→ **Work required**
Look in the listing below for the line that has "カラフルな「あさりとスナップエンドウのボンゴレ・ロッソ」", then return it and each following line up to and including the one with "Haddington Road; County", exactly and without pictures.

→ **Input data**
--

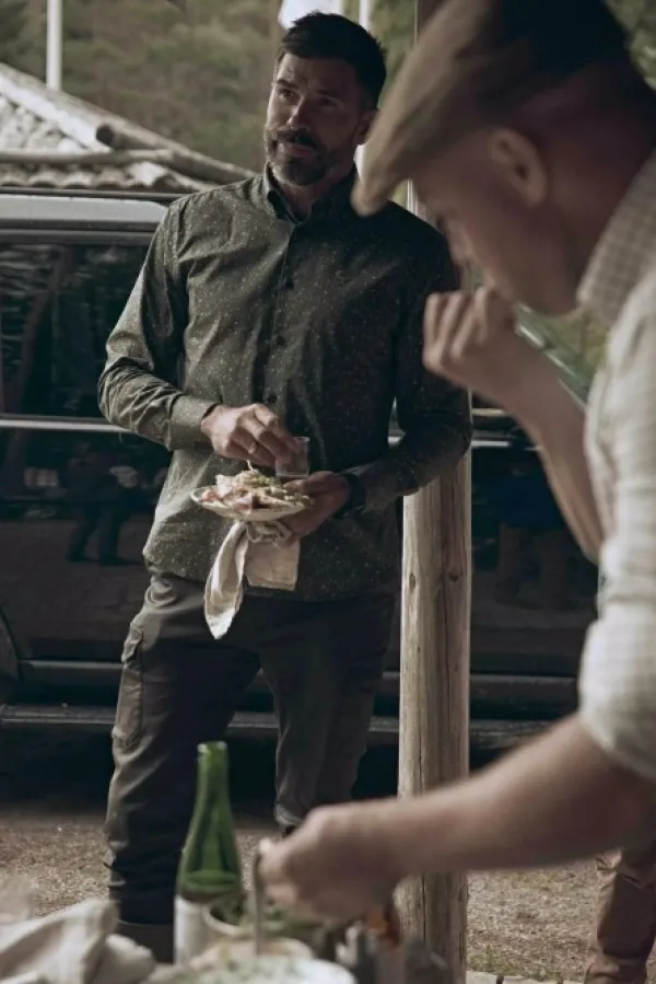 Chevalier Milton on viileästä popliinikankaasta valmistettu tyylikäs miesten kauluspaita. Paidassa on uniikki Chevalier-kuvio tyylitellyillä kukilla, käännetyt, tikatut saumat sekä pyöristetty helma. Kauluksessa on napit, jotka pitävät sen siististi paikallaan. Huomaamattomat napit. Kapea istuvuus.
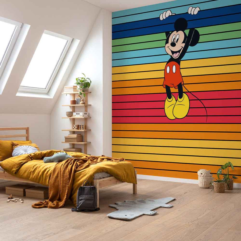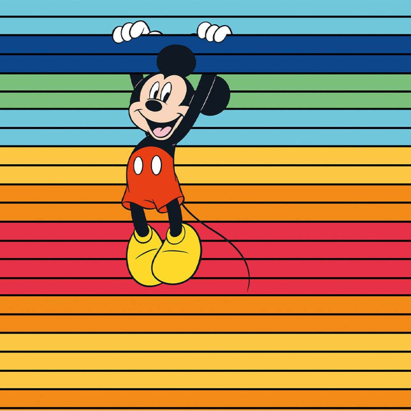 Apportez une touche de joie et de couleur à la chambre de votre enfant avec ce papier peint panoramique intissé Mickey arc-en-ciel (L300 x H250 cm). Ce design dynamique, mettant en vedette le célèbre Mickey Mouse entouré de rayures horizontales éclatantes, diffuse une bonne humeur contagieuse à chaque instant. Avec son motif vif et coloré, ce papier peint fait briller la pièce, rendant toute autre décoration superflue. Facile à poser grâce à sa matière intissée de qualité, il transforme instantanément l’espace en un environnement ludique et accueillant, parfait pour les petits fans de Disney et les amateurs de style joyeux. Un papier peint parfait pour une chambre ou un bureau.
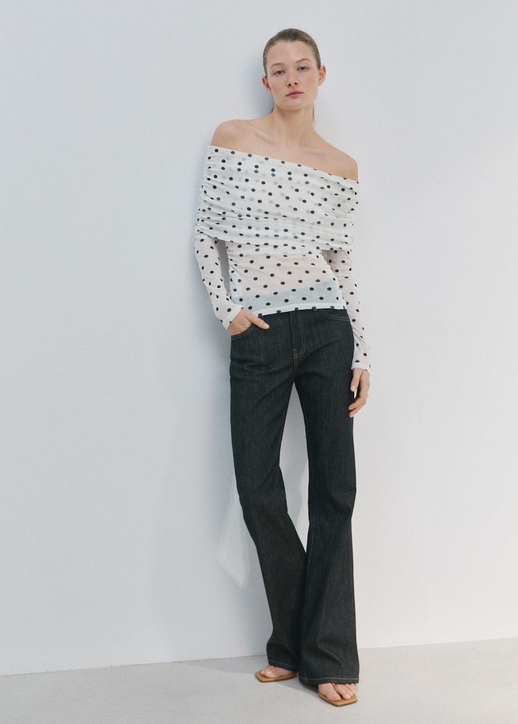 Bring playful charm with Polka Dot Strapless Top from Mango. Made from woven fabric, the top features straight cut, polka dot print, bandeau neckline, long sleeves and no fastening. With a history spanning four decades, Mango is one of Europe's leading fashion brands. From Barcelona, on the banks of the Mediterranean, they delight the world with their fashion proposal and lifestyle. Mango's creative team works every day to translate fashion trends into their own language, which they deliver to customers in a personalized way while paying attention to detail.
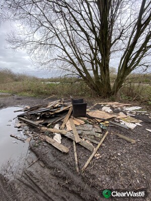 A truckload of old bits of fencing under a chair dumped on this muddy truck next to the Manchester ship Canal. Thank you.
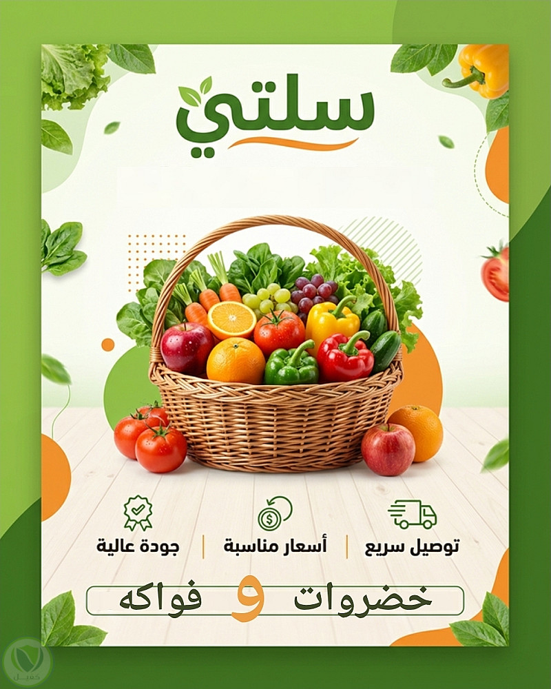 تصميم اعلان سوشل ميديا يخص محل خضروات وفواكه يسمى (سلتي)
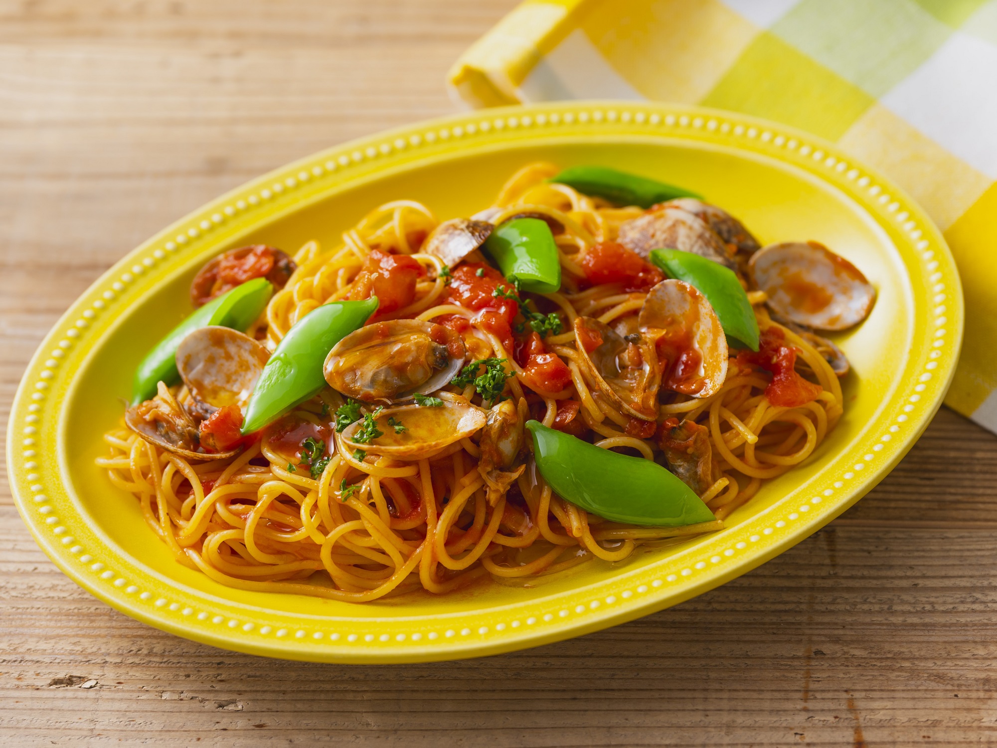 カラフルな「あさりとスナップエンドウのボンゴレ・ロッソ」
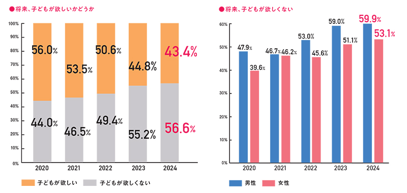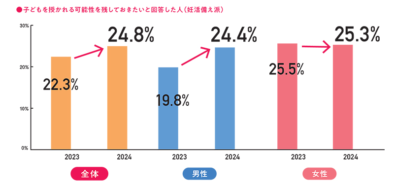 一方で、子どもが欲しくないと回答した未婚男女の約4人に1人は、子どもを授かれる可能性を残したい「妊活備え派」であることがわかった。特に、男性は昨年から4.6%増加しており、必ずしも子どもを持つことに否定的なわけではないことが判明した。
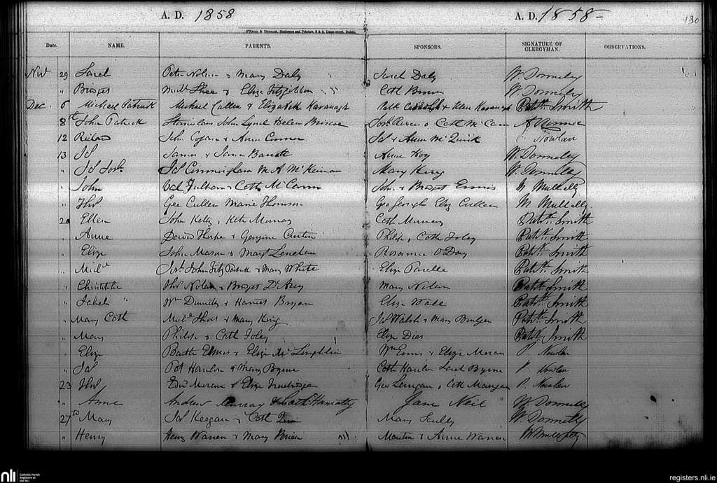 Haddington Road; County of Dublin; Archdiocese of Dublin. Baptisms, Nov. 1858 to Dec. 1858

--

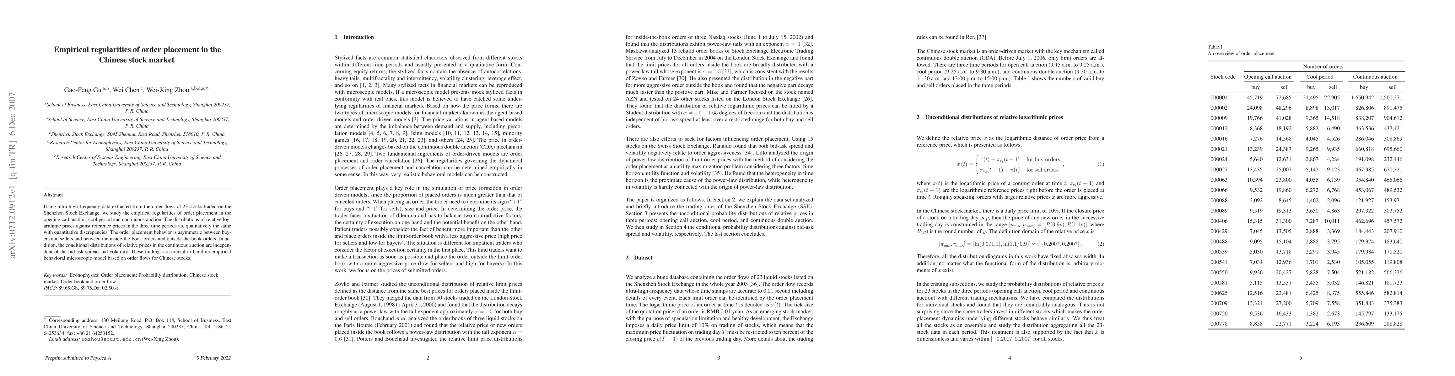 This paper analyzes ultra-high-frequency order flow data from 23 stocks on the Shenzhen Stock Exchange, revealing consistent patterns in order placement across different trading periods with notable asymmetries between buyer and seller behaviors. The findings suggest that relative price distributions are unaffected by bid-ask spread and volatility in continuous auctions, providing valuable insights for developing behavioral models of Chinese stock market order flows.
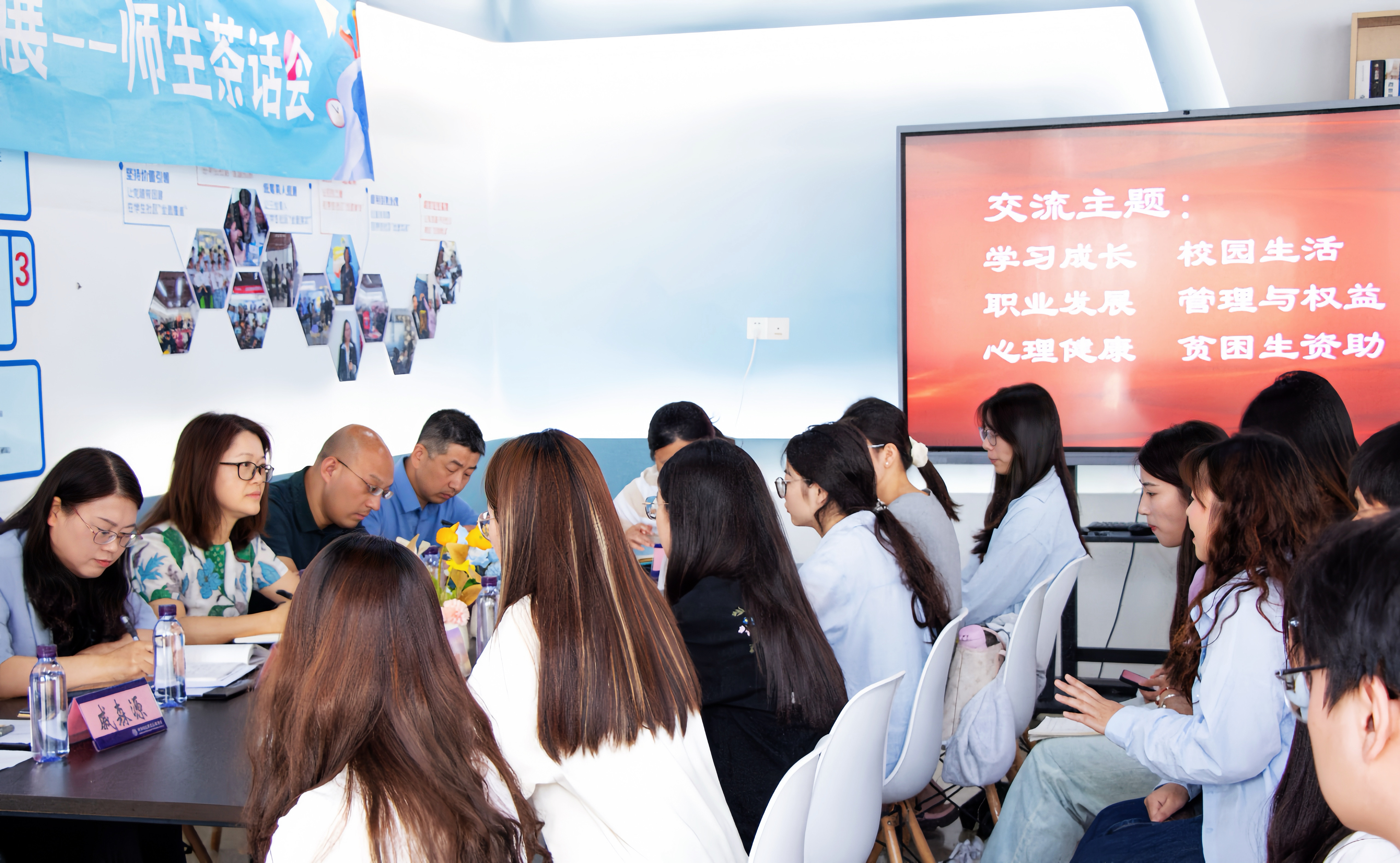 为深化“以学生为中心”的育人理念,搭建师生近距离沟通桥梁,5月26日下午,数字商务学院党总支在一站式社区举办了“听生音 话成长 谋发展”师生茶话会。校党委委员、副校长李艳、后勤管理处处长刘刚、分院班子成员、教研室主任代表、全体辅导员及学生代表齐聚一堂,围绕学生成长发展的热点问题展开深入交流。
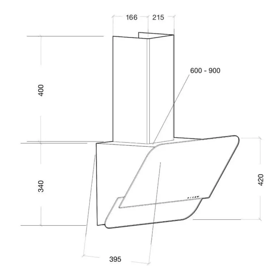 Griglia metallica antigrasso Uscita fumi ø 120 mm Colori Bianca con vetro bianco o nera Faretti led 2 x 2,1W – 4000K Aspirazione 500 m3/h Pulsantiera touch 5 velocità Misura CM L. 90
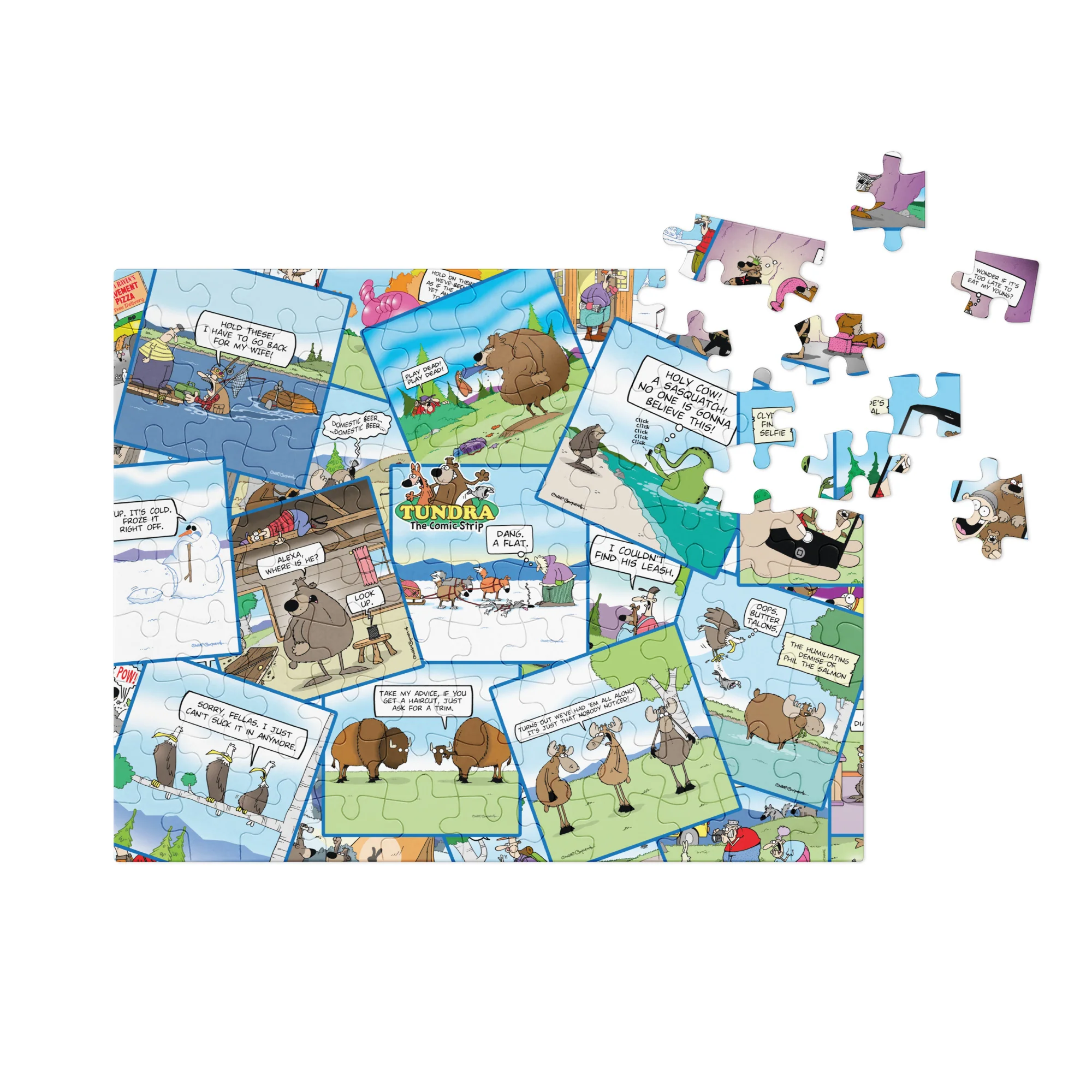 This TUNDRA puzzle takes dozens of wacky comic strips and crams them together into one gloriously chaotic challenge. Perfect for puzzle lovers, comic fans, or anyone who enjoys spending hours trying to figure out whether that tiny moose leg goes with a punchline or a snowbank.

--

→ **Result of the task**
 カラフルな「あさりとスナップエンドウのボンゴレ・ロッソ」
 一方で、子どもが欲しくないと回答した未婚男女の約4人に1人は、子どもを授かれる可能性を残したい「妊活備え派」であることがわかった。特に、男性は昨年から4.6%増加しており、必ずしも子どもを持つことに否定的なわけではないことが判明した。
 Haddington Road; County of Dublin; Archdiocese of Dublin. Baptisms, Nov. 1858 to Dec. 1858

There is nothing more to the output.